Understanding the output files 

racoon_clip produces a variety of files during the different steps of the workflow. The files you will likely want to use downstream of racoon_clip are:

a summary on the perforemd steps called Report.html.
the sample-wise whole aligned reads after duplicate removal in .bam format. You can find them in the folder results/aligned/<sample_name>.Aligned.sortedByCoord.out.duprm.bam together with the corresponding .bam.bai files.
the group-wise whole aligned reads after duplicate removal in .bam format. There will be one .bam file for each group you specified in the group.txt file. If no group is specified, you get a file called all.bam were all samples are merged. They are located in the results/bam_merged/ folder.
the sample-wise single nucleotide crosslink files in .bw format.: The files are split up into the plus and minus strand. They are located at results/bw/<sample_name>sortedByCoord.out.duprm.minus.bw and results/bw/<sample_name>sortedByCoord.out.duprm.plus.bw.
the group-wise single nucleotide crosslink files in .bw format.: The files are split up into the plus and minus strand. They are located at results/bw_merged/<sample_name>sortedByCoord.out.duprm.minus.bw and results/bw_merged/<sample_name>sortedByCoord.out.duprm.plus.bw.

Customising racoon_clip 

racoon_clip offers many options to customise the workflow for your data. All setting can be passed to racoon either in the commandline or via a config file. For a full list of options please have a look at options <all_options> and

racoon_clip run -h

Running racoon snakemakes cluster execution 

As racoon_clip is based on the snakemake workflow management system, in general all snakemake commandline options can be passed to racoon_clip.
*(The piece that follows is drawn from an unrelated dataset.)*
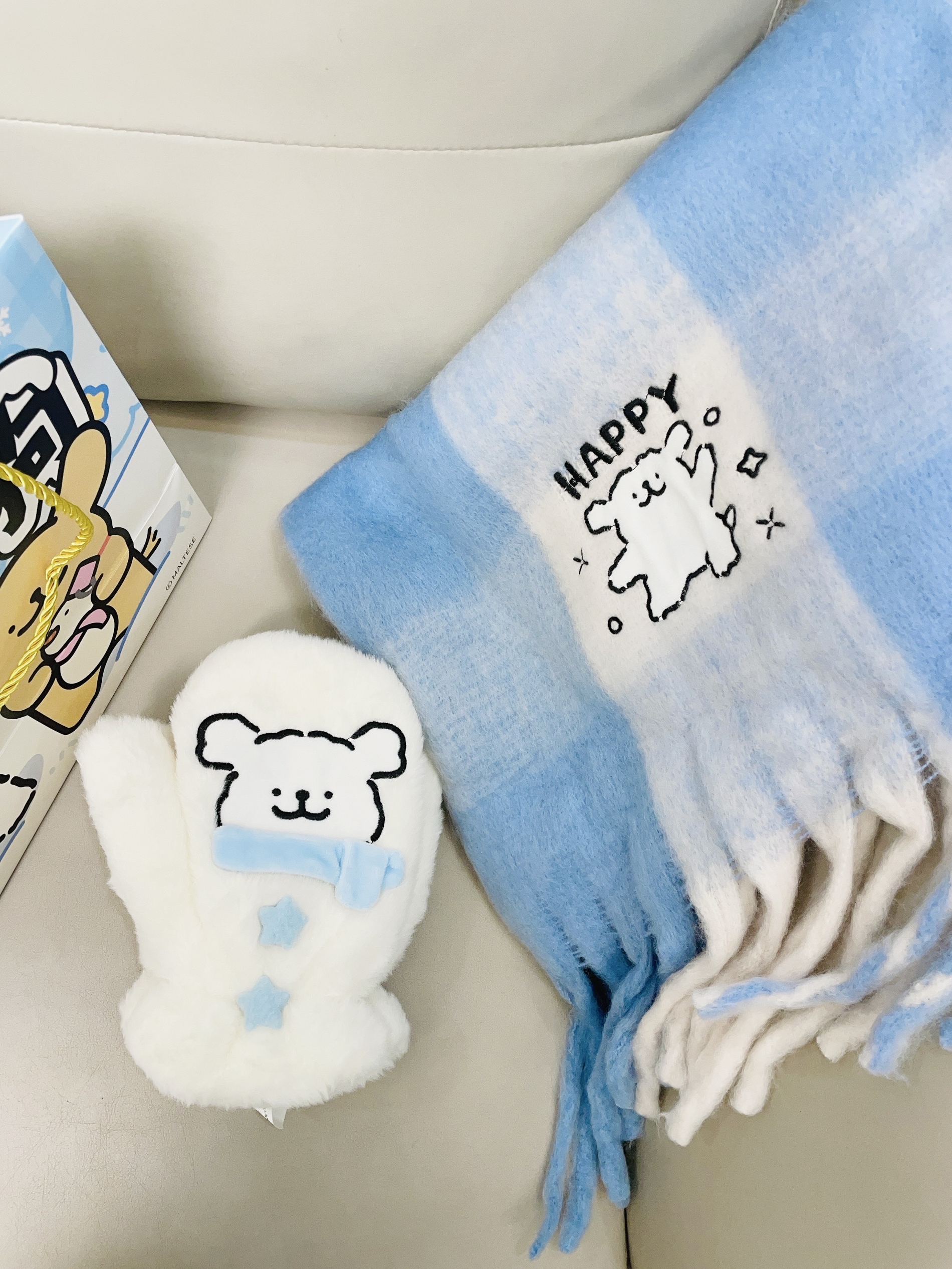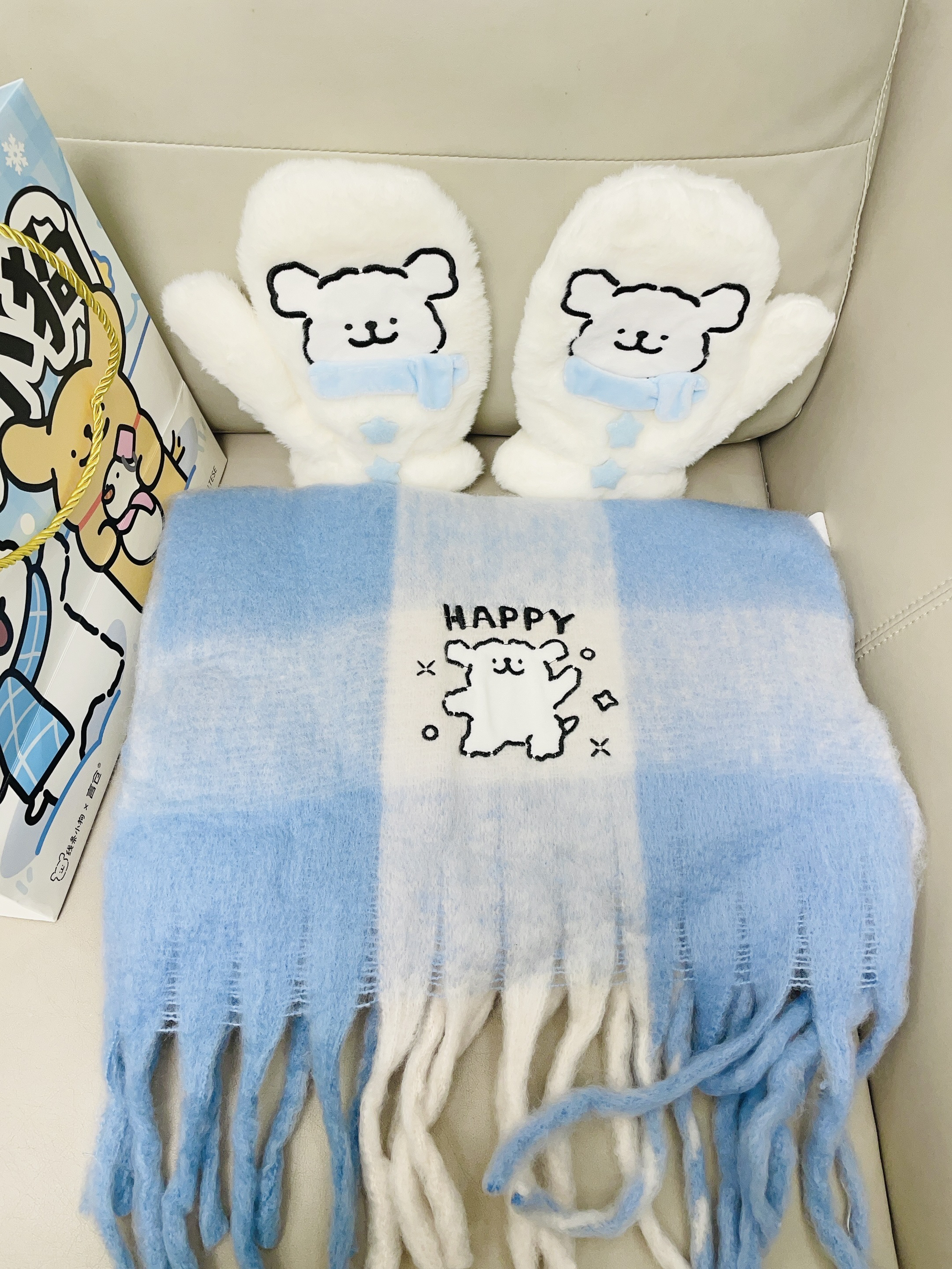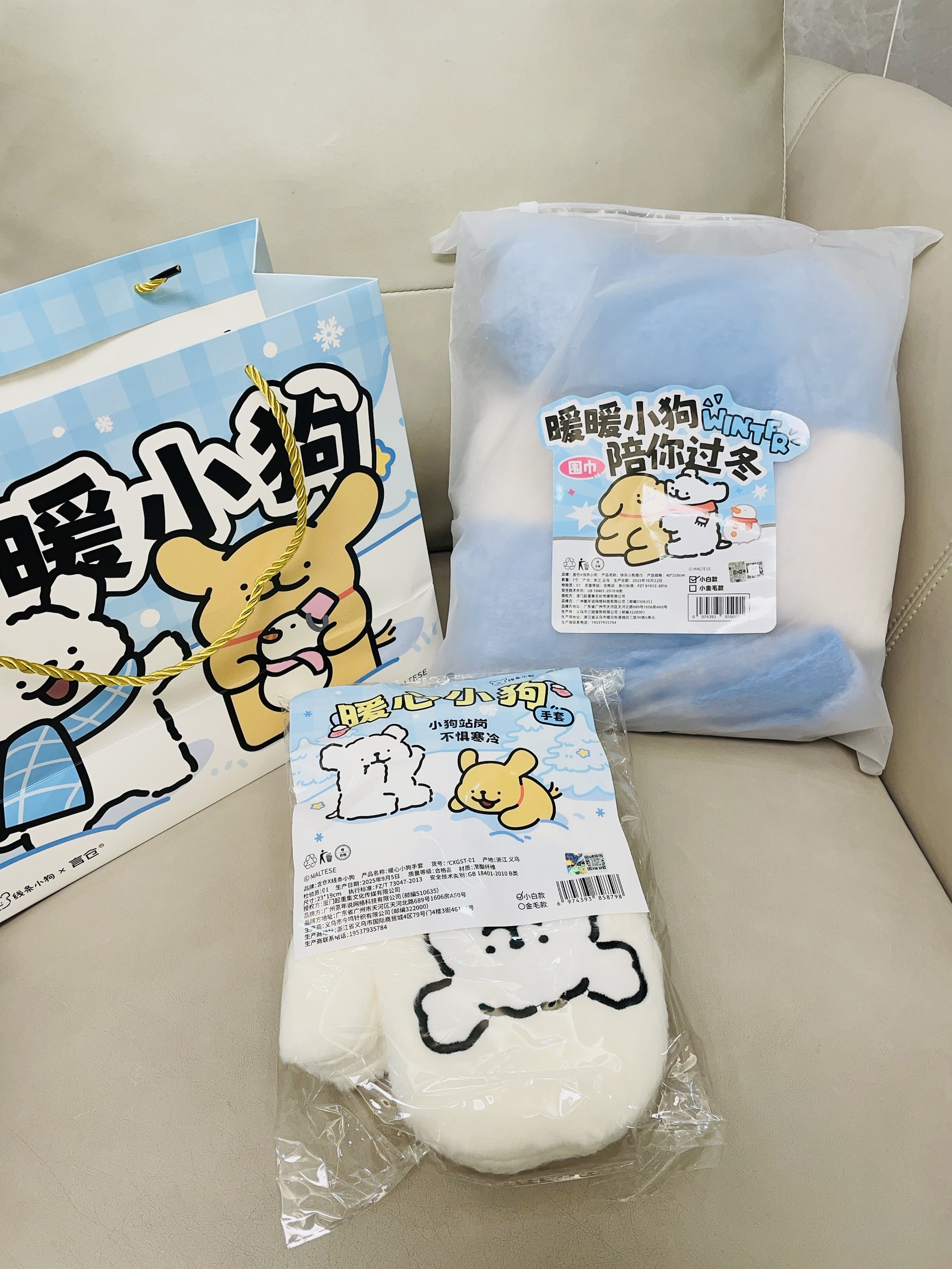 这不十二月啦天气比较冷 加上又是年末的时候 我给自己安排了新的围巾 手套 言仓×线条小狗联名的这款围巾 手套可可爱爱的 蓝色小清新 摸着柔软舒适 细节做的可以蛮好的 我带着好暖和 下雪都不怕冻 包装精致 用来送礼都可

For a full list of opitons check the snakemake documentation. This applies also to the clsuter execution and cloud execution of racoon_clip.

For example racoon_clip can be executed with slurm clusters like this:

racoon_clip run \
--configfile <your_configfile.yaml> \
-p \
--cores 10 \
--profile <path/to/your/slurm/profile> \
--wait-for-files \
--latency-wait 60

Where <path/to/your/slurm/profile> should be a directory containing a config.yaml, that could for example look like this:

cluster:
mkdir -p logs/{rule} &&
sbatch
--cpus-per-task={threads}
--mem={resources.mem_mb}
--partition={resources.partition}
--job-name=smk-{rule}-{wildcards}
--output=logs/{rule}/{rule}-{wildcards}-%j.out
default-resources:
- partition=<your_partitions>
- mem_mb=2000
- time="48:00:00"
jobs: 6

Note

For large datasets you might need to increase mem_mb and time.